Zajc begon op 5-jarige leeftijd met viool- en pianolessen. Openbare optredens verzorgde hij op 6-jarige leeftijd. Zijn eerste composities schreef hij op 12-jarige leeftijd. Alhoewel zijn vader, zelf een militaire kapelmeester, het muzikale talent van zijn zoon kende zal hij naar zijn zin niet muziek, maar rechten studeren. Maar zijn zoon kon zich met hulp van zijn muziekleraar doorzetten en ging vanaf 1850 naar Milaan en studeerde aan het Conservatorio "Giuseppe Verdi" (Milaan) di Milano. Zijn leraren waren onder andere Stefano Ronchetti-Monteviti voor contrapunt en compositie, Alberto Mazzucato voor orkestratie en Lauro Rossi voor dramatische muziek. Hij heeft in 1855 afstudeert met 1e prijzen en zijn examenwerk was de opera La Tirolese, die ook in hetzelfde jaar nog in première ging.
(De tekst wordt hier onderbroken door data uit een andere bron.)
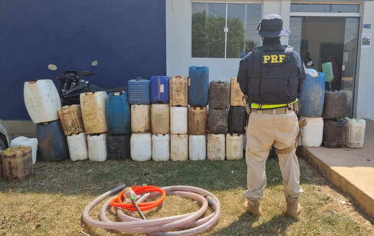 A Polícia Rodoviária Federal apreendeu neste domingo (15) cerca de 280 litros de combustível armazenados e vendidos ilegalmente em um ponto comercial da BR-364, em Senador Guiomard.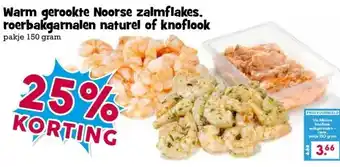 Warm gerookte Noorse zalmflakes. roerbakgarnalen naturel of knoflook aanbieding bij Boon`s Markt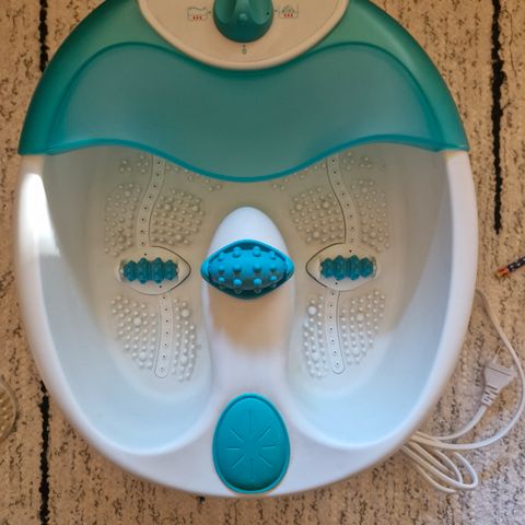 jalkakylpy, jossa hierontatoiminto ja lämmitin. Väri harmaa ja sininen. Sähkötoiminen laite jalkojen rentouttamiseen ja hoitoon.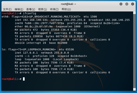 v 攻击环境:Kali-linxu, IP地址为:192.168.146.131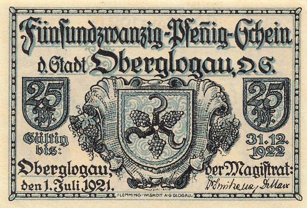 Oberglogau Oberschlesien Notgeldschein Głogówek 1921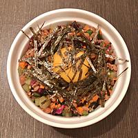 - 4 器にごはんをよそい、3をかけ、トッピングの材料をのせて完成です。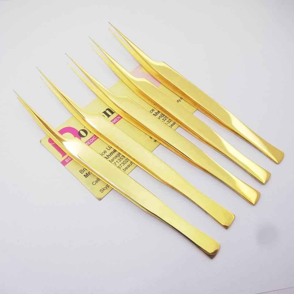 Pince à épiler professionnelle en acier inoxydable plaqué or de haute qualité pour extensions de cils, avec logo personnalisé, ensemble de pinces à isolation droites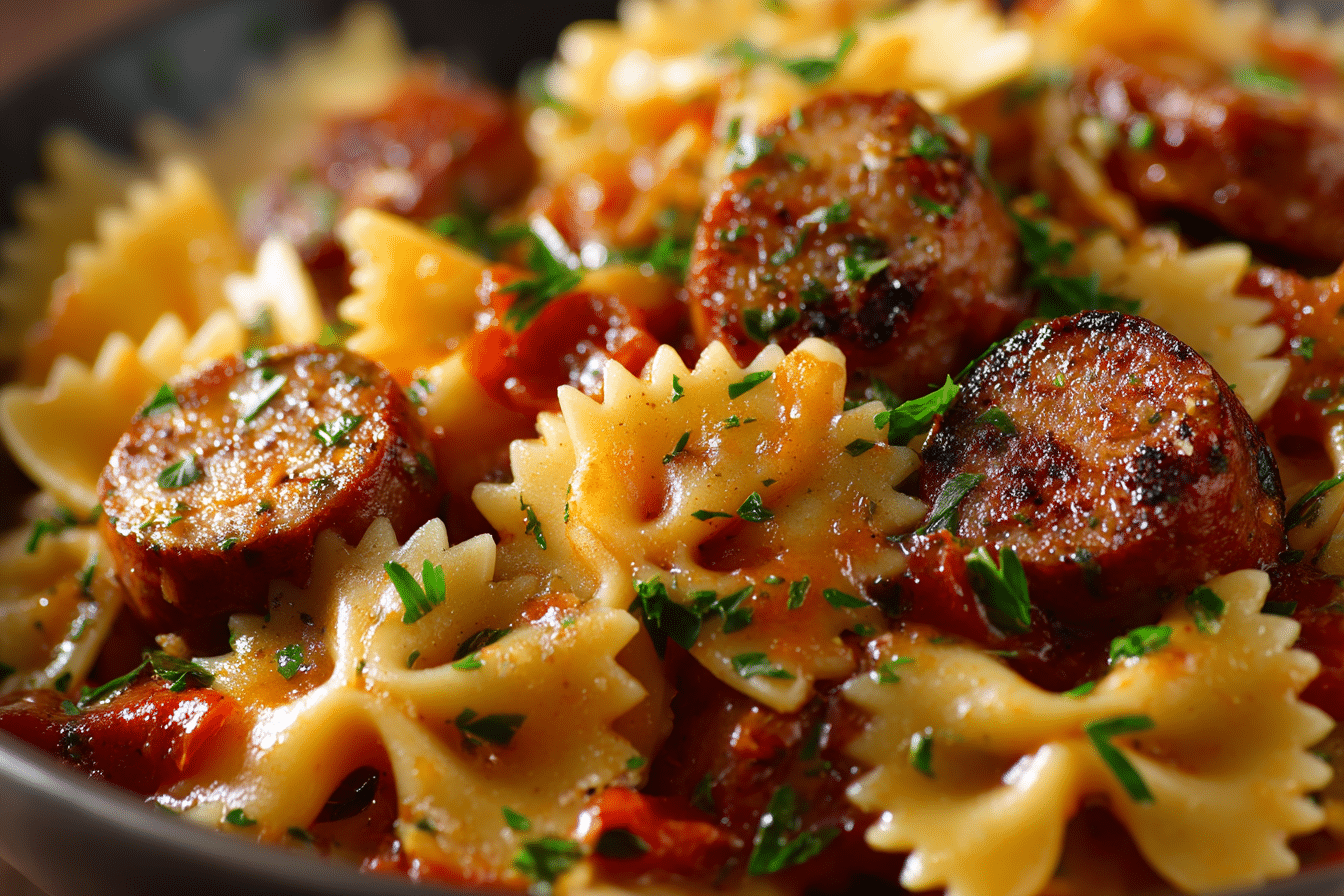 Italian Sausage Bow Tie Pasta is the kind of dinner that feels like a hug on a plate — hearty, comforting, and full of bold Italian flavors. This simple yet satisfying dish features savory sausage, tender bow tie (farfalle) pasta, and a rich tomato cream sauce that clings to every curve and fold.

Een grote carrière in Milaan was voor hem waarschijnlijk, maar zijn ouders overleden beide en hij ging naar Rijeka terug. Daar werd hij dirigent aan het stedelijk theater en verder was hij leraar voor strijkinstrumenten aan het Gradskom filharmonijskom institutu (Filharmonisch instituut). Hij schreef ook verschillende composities in deze tijd. In 1860 werd zijn opera Amelia ossia Il Bandito gepubliceerd. In 1862 ging hij naar Wenen. In Wenen had hij groot succes met zijn operettes, zoals in 1863 Mannschaft an Bord en in 1866 Die Boasische Hexe. In Wenen werd hij met vele Kroatische Intellectuelen bekend, zoals bisschop Josip Juraj Strossmayer en de dichters Petar Preradović, Ivan Trnski, August Šenoa en Matija Divković. Verder was hij onder invloed van de Kroatische Academische Gezelschap Velebit. Het patriottisme groeide en vond later een hogere prioriteit dan een wereld faam.
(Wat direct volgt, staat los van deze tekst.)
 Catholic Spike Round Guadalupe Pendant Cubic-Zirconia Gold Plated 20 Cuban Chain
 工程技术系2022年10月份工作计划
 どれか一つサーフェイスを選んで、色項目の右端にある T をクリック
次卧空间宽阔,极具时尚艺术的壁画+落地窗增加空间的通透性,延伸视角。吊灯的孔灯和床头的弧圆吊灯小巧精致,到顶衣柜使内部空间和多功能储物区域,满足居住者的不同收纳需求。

In 1870 ging hij terug naar Zagreb en werd zowel directeur en dirigent van de Kroatische Opera alsook directeur en docent aan het Kroatische instituut voor muziek. Zijn patriottische gevoelens verwerkte hij in zijn opera's Nikola Šubić Zrinjski (1876), Mislav (1870), Ban Leget (1872) en Lizinka (1878). In Zagreb was hij als componist bijzonder productief omdat hij zijn opus tal van op. 234 tot op. 1202 verhoogde. Naast de toneelwerken schreef hij werken voor solostem, voor koor, orkest, harmonieorkest, piano en een oratorium.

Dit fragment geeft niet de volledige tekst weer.